== Data provided ==

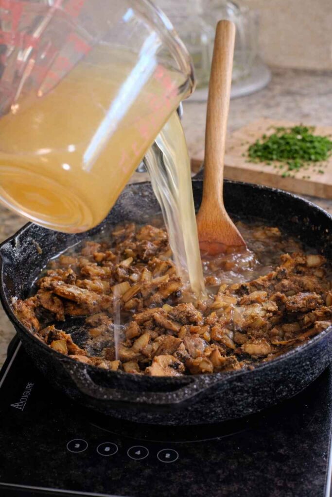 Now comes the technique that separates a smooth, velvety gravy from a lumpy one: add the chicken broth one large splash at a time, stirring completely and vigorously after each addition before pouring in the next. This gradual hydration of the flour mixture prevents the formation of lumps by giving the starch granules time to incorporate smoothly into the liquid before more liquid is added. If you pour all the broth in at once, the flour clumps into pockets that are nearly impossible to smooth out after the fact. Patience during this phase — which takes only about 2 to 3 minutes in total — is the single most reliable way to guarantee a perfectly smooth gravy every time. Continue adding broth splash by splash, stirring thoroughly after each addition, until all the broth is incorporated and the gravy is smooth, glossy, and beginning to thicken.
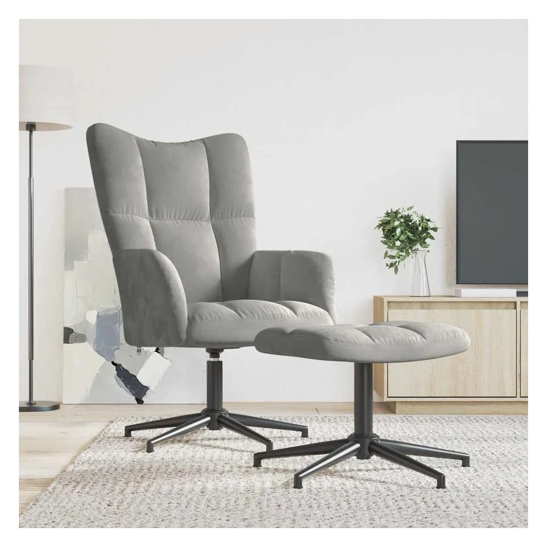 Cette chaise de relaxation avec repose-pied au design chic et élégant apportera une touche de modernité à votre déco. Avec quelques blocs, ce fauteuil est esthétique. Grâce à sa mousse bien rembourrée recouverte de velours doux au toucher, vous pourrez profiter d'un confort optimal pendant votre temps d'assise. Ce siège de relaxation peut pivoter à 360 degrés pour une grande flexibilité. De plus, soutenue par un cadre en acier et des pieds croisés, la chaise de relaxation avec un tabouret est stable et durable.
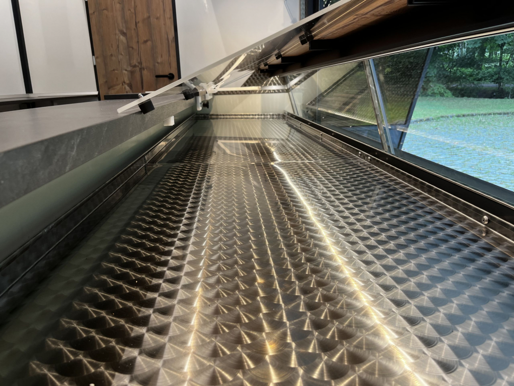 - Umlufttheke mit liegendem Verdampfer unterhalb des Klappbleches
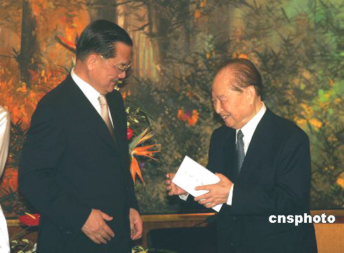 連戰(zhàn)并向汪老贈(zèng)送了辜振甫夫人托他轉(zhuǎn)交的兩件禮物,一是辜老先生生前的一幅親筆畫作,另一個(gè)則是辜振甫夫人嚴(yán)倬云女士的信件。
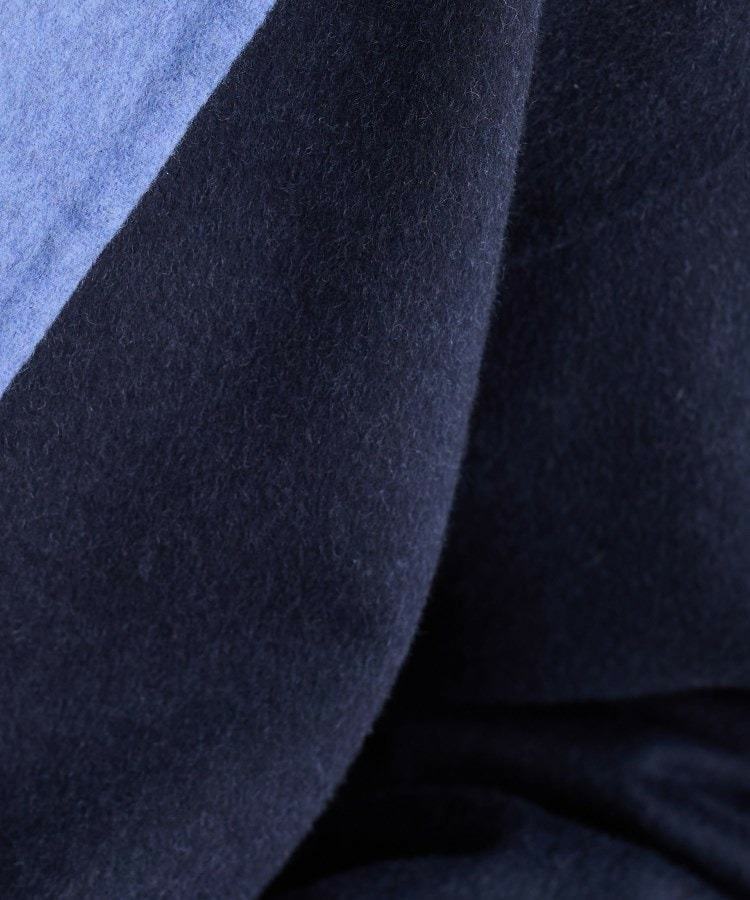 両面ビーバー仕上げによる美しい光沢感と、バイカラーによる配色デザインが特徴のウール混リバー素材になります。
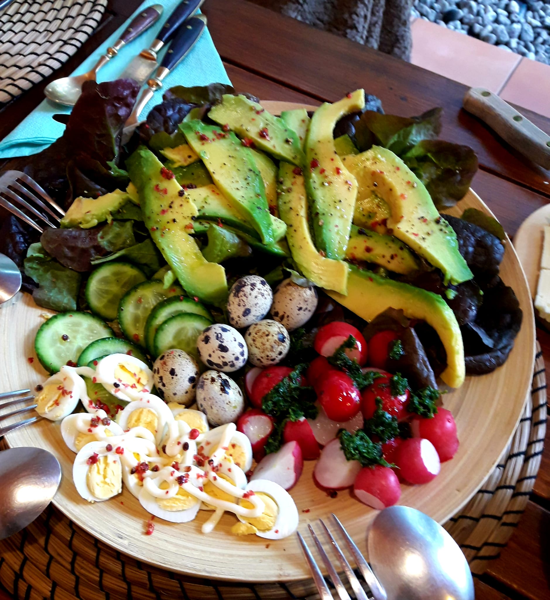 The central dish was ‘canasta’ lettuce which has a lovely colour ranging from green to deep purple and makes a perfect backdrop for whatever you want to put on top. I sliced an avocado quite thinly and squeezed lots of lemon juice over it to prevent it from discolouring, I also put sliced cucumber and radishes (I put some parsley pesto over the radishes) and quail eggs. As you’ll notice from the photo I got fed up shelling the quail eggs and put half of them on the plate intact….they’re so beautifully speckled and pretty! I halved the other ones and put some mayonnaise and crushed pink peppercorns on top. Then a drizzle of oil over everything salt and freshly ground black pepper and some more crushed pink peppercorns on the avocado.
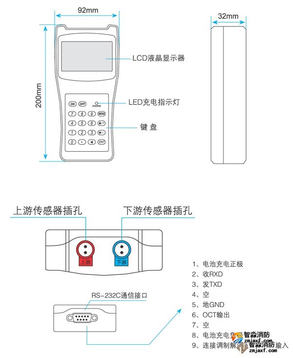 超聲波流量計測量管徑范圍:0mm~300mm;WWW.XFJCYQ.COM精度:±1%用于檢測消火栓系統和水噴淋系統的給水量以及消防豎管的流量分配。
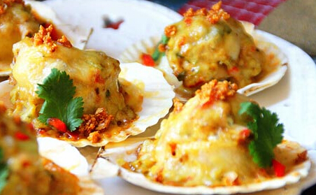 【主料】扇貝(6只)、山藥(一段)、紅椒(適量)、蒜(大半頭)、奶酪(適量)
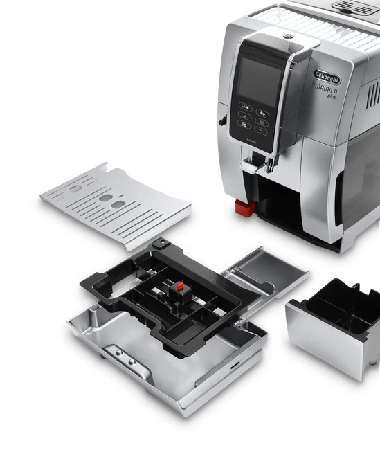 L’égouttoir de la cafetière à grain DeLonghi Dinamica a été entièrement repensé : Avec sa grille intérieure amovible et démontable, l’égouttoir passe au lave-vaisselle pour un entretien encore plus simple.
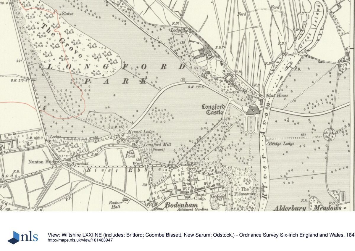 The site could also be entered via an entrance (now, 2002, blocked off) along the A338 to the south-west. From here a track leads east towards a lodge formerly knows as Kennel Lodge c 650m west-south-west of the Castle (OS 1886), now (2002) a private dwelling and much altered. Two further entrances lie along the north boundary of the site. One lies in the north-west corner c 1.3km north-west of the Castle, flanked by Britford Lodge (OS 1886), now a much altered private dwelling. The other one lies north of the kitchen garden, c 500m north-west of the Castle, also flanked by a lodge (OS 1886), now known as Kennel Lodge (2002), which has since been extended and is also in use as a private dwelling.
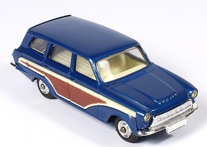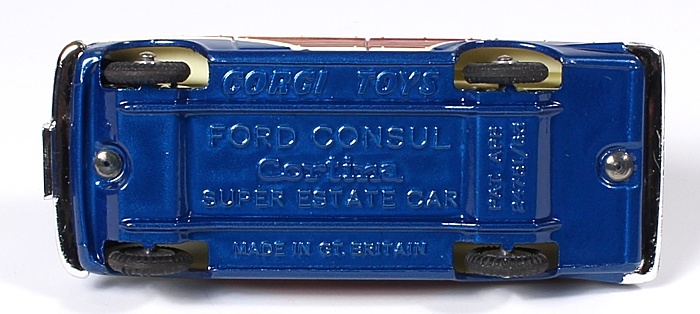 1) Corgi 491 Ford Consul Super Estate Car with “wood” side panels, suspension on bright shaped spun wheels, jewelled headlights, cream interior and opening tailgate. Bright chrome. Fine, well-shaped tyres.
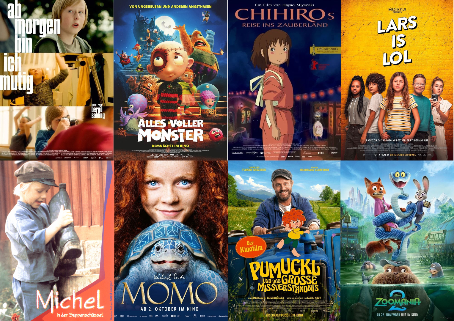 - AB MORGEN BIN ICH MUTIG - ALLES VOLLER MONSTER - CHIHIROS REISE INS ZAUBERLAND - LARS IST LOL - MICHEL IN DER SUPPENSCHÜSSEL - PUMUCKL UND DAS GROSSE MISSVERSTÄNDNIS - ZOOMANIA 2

===

▸ **What is being asked**: Without including any pictures, repeat the records above exactly.

▸ **Your response**:
 Now comes the technique that separates a smooth, velvety gravy from a lumpy one: add the chicken broth one large splash at a time, stirring completely and vigorously after each addition before pouring in the next. This gradual hydration of the flour mixture prevents the formation of lumps by giving the starch granules time to incorporate smoothly into the liquid before more liquid is added. If you pour all the broth in at once, the flour clumps into pockets that are nearly impossible to smooth out after the fact. Patience during this phase — which takes only about 2 to 3 minutes in total — is the single most reliable way to guarantee a perfectly smooth gravy every time. Continue adding broth splash by splash, stirring thoroughly after each addition, until all the broth is incorporated and the gravy is smooth, glossy, and beginning to thicken.
 Cette chaise de relaxation avec repose-pied au design chic et élégant apportera une touche de modernité à votre déco. Avec quelques blocs, ce fauteuil est esthétique. Grâce à sa mousse bien rembourrée recouverte de velours doux au toucher, vous pourrez profiter d'un confort optimal pendant votre temps d'assise. Ce siège de relaxation peut pivoter à 360 degrés pour une grande flexibilité. De plus, soutenue par un cadre en acier et des pieds croisés, la chaise de relaxation avec un tabouret est stable et durable.
 - Umlufttheke mit liegendem Verdampfer unterhalb des Klappbleches
 連戰(zhàn)并向汪老贈(zèng)送了辜振甫夫人托他轉(zhuǎn)交的兩件禮物,一是辜老先生生前的一幅親筆畫作,另一個(gè)則是辜振甫夫人嚴(yán)倬云女士的信件。
 両面ビーバー仕上げによる美しい光沢感と、バイカラーによる配色デザインが特徴のウール混リバー素材になります。
 The central dish was ‘canasta’ lettuce which has a lovely colour ranging from green to deep purple and makes a perfect backdrop for whatever you want to put on top. I sliced an avocado quite thinly and squeezed lots of lemon juice over it to prevent it from discolouring, I also put sliced cucumber and radishes (I put some parsley pesto over the radishes) and quail eggs. As you’ll notice from the photo I got fed up shelling the quail eggs and put half of them on the plate intact….they’re so beautifully speckled and pretty! I halved the other ones and put some mayonnaise and crushed pink peppercorns on top. Then a drizzle of oil over everything salt and freshly ground black pepper and some more crushed pink peppercorns on the avocado.
 超聲波流量計測量管徑范圍:0mm~300mm;WWW.XFJCYQ.COM精度:±1%用于檢測消火栓系統和水噴淋系統的給水量以及消防豎管的流量分配。
 【主料】扇貝(6只)、山藥(一段)、紅椒(適量)、蒜(大半頭)、奶酪(適量)
 L’égouttoir de la cafetière à grain DeLonghi Dinamica a été entièrement repensé : Avec sa grille intérieure amovible et démontable, l’égouttoir passe au lave-vaisselle pour un entretien encore plus simple.
 The site could also be entered via an entrance (now, 2002, blocked off) along the A338 to the south-west. From here a track leads east towards a lodge formerly knows as Kennel Lodge c 650m west-south-west of the Castle (OS 1886), now (2002) a private dwelling and much altered. Two further entrances lie along the north boundary of the site. One lies in the north-west corner c 1.3km north-west of the Castle, flanked by Britford Lodge (OS 1886), now a much altered private dwelling. The other one lies north of the kitchen garden, c 500m north-west of the Castle, also flanked by a lodge (OS 1886), now known as Kennel Lodge (2002), which has since been extended and is also in use as a private dwelling.
 1) Corgi 491 Ford Consul Super Estate Car with “wood” side panels, suspension on bright shaped spun wheels, jewelled headlights, cream interior and opening tailgate. Bright chrome. Fine, well-shaped tyres.
 - AB MORGEN BIN ICH MUTIG - ALLES VOLLER MONSTER - CHIHIROS REISE INS ZAUBERLAND - LARS IST LOL - MICHEL IN DER SUPPENSCHÜSSEL - PUMUCKL UND DAS GROSSE MISSVERSTÄNDNIS - ZOOMANIA 2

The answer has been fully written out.